[Opening SUPPLIED DATA section]

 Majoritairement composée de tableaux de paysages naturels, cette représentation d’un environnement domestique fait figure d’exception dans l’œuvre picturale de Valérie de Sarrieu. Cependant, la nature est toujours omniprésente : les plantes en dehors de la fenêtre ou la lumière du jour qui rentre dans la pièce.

[Closing SUPPLIED DATA section]
[Opening SUPPLIED DATA section]

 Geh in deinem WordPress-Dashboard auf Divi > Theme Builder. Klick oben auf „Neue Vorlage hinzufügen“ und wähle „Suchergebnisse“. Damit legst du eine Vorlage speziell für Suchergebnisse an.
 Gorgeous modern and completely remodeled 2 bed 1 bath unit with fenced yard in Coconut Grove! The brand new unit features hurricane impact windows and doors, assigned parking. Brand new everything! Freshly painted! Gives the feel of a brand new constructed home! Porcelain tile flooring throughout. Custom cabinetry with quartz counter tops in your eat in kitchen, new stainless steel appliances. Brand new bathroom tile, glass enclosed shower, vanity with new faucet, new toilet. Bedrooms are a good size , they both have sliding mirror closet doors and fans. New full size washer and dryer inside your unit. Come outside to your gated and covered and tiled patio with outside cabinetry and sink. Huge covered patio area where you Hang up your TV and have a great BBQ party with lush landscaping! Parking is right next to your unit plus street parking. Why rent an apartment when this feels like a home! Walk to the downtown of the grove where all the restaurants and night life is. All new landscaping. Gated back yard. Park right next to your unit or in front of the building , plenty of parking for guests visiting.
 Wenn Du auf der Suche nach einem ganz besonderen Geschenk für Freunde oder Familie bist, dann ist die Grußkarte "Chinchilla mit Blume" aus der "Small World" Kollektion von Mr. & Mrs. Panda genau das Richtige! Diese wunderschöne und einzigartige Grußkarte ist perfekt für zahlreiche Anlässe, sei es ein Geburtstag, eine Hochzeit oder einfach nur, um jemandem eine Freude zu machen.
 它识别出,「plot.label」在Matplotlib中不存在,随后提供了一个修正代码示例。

[Closing SUPPLIED DATA section]

YOUR OBJECTIVE: Please, from the entries above, set down exactly the lines from the one containing "Wenn Du auf" through the one containing "它识别出,「plot.lab", and only those.

OUTPUT OF THE EXERCISE:
 Wenn Du auf der Suche nach einem ganz besonderen Geschenk für Freunde oder Familie bist, dann ist die Grußkarte "Chinchilla mit Blume" aus der "Small World" Kollektion von Mr. & Mrs. Panda genau das Richtige! Diese wunderschöne und einzigartige Grußkarte ist perfekt für zahlreiche Anlässe, sei es ein Geburtstag, eine Hochzeit oder einfach nur, um jemandem eine Freude zu machen.
 它识别出,「plot.label」在Matplotlib中不存在,随后提供了一个修正代码示例。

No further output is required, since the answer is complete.